Provided material Start Marker

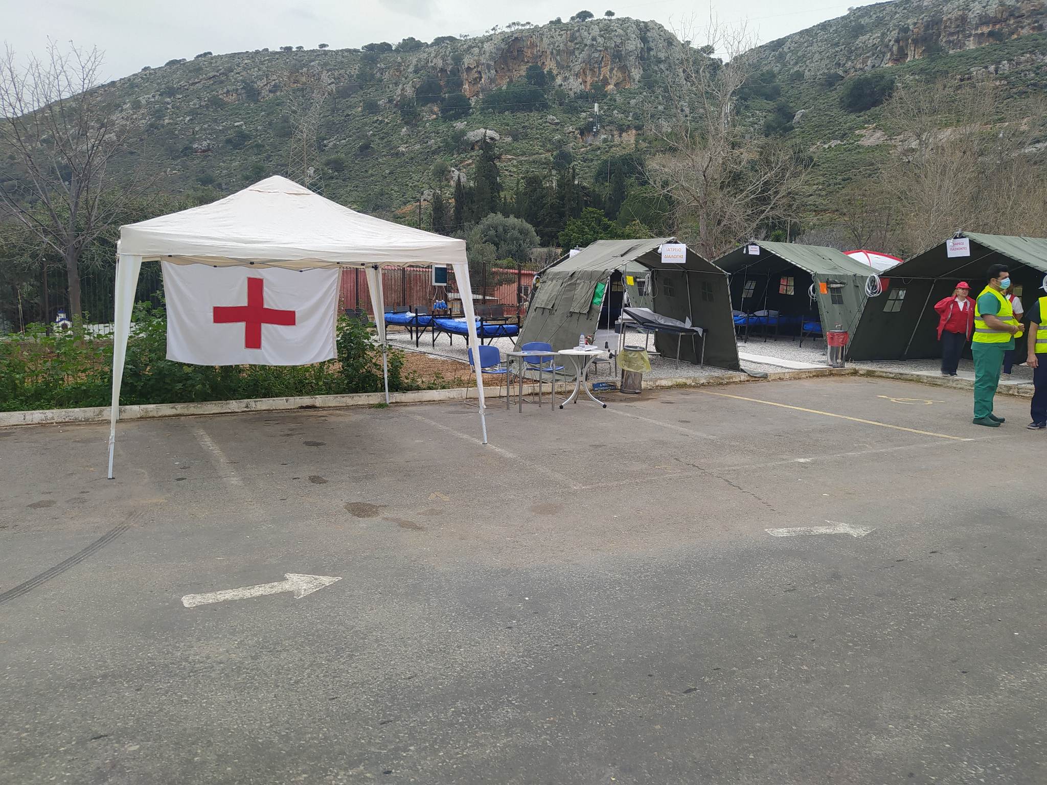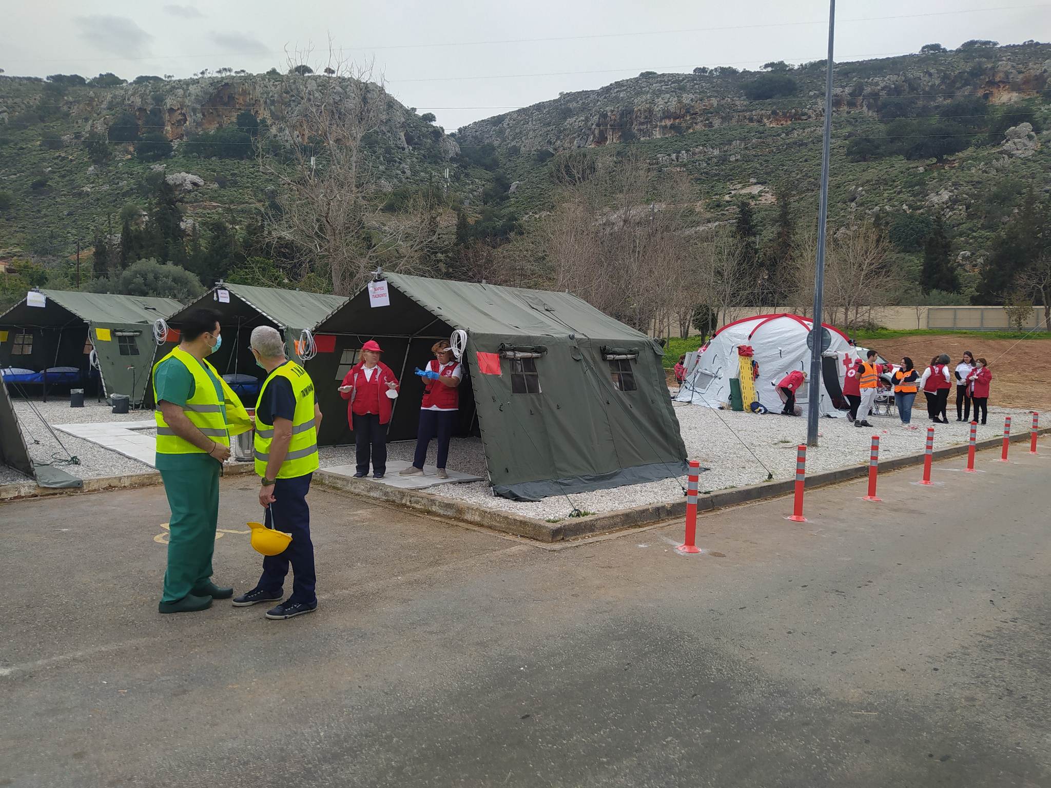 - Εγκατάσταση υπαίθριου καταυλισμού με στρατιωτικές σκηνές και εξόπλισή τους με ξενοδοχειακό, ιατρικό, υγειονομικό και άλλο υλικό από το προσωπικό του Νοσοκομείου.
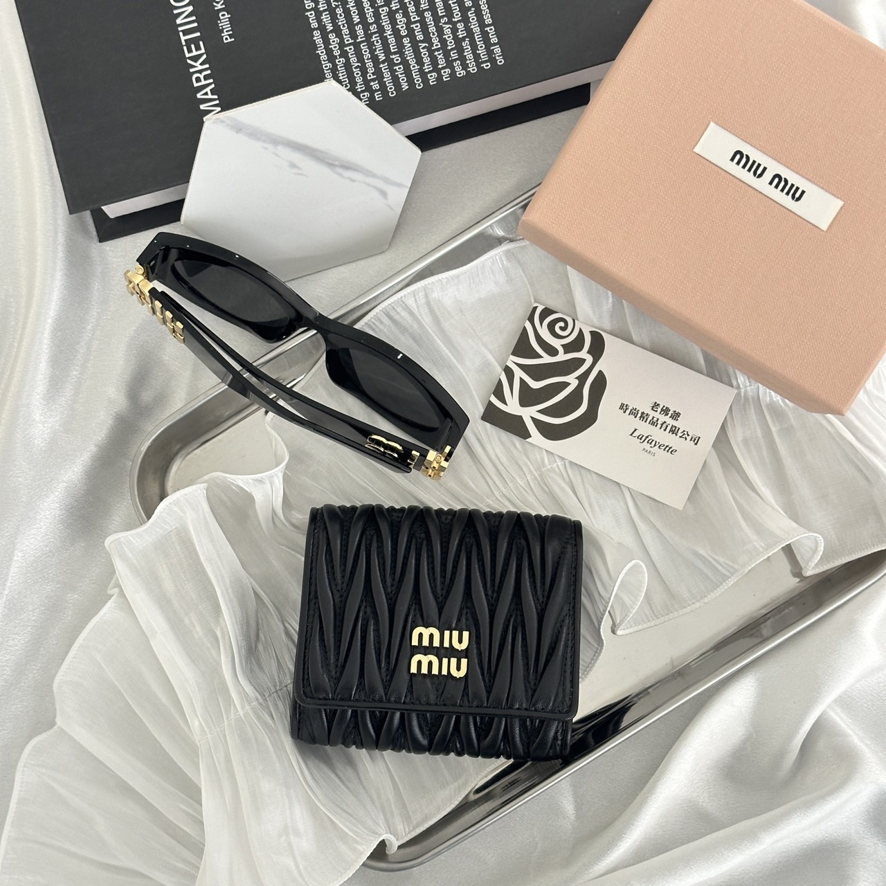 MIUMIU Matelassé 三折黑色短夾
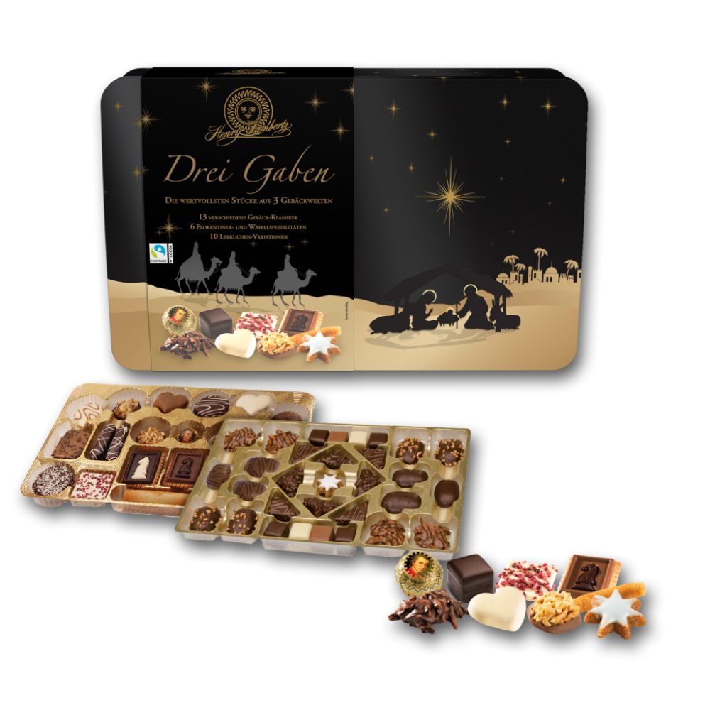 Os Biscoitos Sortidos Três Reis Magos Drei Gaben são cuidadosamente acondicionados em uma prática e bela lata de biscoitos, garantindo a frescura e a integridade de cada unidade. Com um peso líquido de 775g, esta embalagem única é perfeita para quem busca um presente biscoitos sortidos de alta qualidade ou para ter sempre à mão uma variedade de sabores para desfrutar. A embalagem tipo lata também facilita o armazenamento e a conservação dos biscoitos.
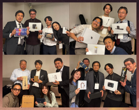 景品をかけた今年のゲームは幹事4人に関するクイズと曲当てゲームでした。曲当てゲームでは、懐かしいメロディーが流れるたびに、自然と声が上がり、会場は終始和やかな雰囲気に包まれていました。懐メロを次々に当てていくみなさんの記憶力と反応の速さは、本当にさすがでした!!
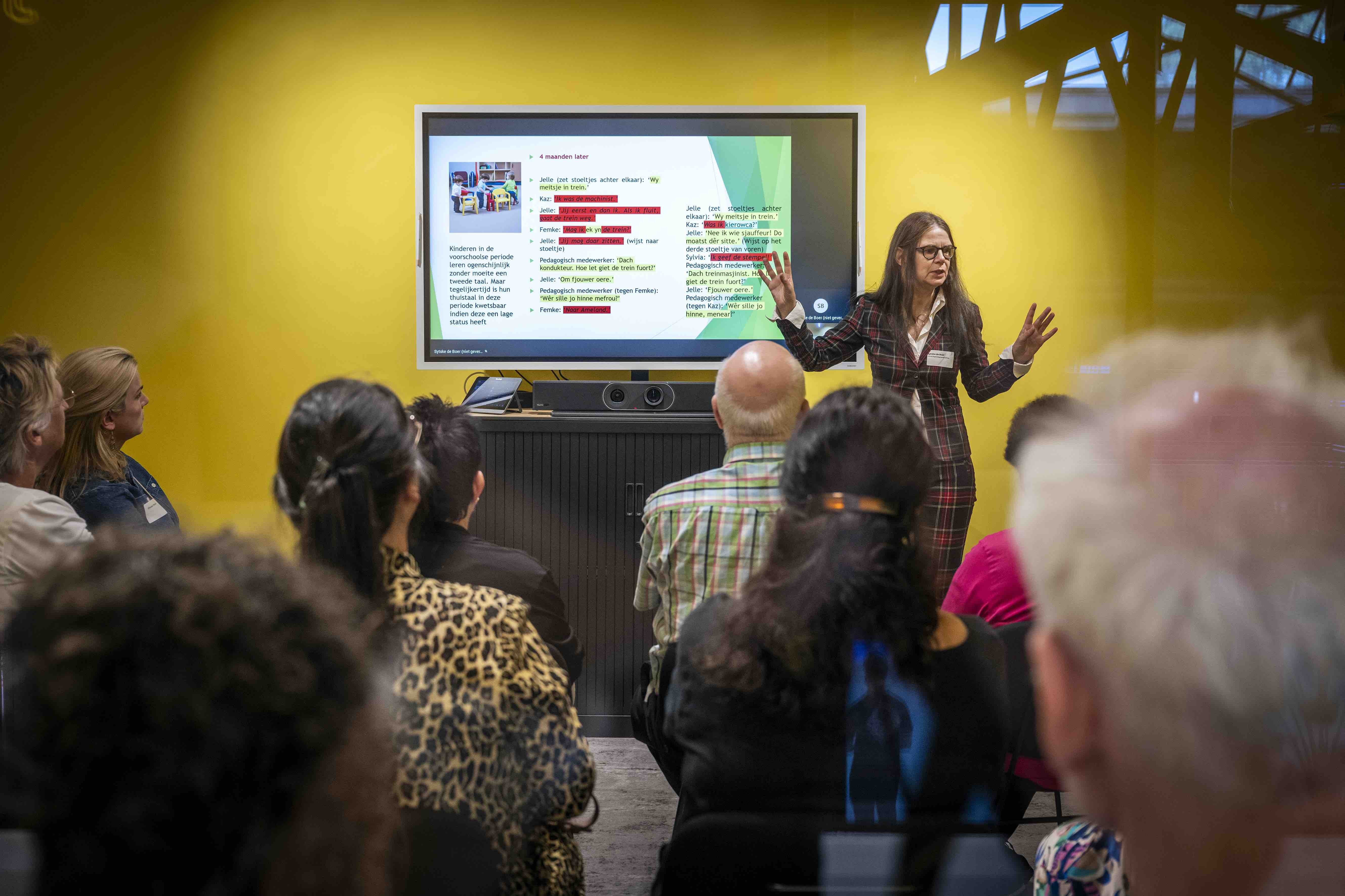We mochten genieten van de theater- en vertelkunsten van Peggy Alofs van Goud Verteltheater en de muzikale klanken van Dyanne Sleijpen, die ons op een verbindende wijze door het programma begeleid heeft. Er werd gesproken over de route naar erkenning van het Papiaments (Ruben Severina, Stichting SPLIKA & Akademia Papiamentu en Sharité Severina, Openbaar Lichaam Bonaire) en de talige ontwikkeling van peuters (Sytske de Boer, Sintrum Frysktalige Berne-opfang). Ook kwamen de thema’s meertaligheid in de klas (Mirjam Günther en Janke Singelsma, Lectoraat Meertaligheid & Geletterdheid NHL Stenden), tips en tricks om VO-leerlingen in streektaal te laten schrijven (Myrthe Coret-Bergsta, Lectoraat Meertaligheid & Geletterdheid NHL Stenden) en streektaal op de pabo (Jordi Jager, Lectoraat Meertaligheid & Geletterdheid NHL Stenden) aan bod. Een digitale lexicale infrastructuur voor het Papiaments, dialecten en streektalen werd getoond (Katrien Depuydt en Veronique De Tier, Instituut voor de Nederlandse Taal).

Provided material End Marker

How to complete this task. Print the data word for word and omit the pictures.

Output for this exercise.
 - Εγκατάσταση υπαίθριου καταυλισμού με στρατιωτικές σκηνές και εξόπλισή τους με ξενοδοχειακό, ιατρικό, υγειονομικό και άλλο υλικό από το προσωπικό του Νοσοκομείου.
 MIUMIU Matelassé 三折黑色短夾
 Os Biscoitos Sortidos Três Reis Magos Drei Gaben são cuidadosamente acondicionados em uma prática e bela lata de biscoitos, garantindo a frescura e a integridade de cada unidade. Com um peso líquido de 775g, esta embalagem única é perfeita para quem busca um presente biscoitos sortidos de alta qualidade ou para ter sempre à mão uma variedade de sabores para desfrutar. A embalagem tipo lata também facilita o armazenamento e a conservação dos biscoitos.
 景品をかけた今年のゲームは幹事4人に関するクイズと曲当てゲームでした。曲当てゲームでは、懐かしいメロディーが流れるたびに、自然と声が上がり、会場は終始和やかな雰囲気に包まれていました。懐メロを次々に当てていくみなさんの記憶力と反応の速さは、本当にさすがでした!!
We mochten genieten van de theater- en vertelkunsten van Peggy Alofs van Goud Verteltheater en de muzikale klanken van Dyanne Sleijpen, die ons op een verbindende wijze door het programma begeleid heeft. Er werd gesproken over de route naar erkenning van het Papiaments (Ruben Severina, Stichting SPLIKA & Akademia Papiamentu en Sharité Severina, Openbaar Lichaam Bonaire) en de talige ontwikkeling van peuters (Sytske de Boer, Sintrum Frysktalige Berne-opfang). Ook kwamen de thema’s meertaligheid in de klas (Mirjam Günther en Janke Singelsma, Lectoraat Meertaligheid & Geletterdheid NHL Stenden), tips en tricks om VO-leerlingen in streektaal te laten schrijven (Myrthe Coret-Bergsta, Lectoraat Meertaligheid & Geletterdheid NHL Stenden) en streektaal op de pabo (Jordi Jager, Lectoraat Meertaligheid & Geletterdheid NHL Stenden) aan bod. Een digitale lexicale infrastructuur voor het Papiaments, dialecten en streektalen werd getoond (Katrien Depuydt en Veronique De Tier, Instituut voor de Nederlandse Taal).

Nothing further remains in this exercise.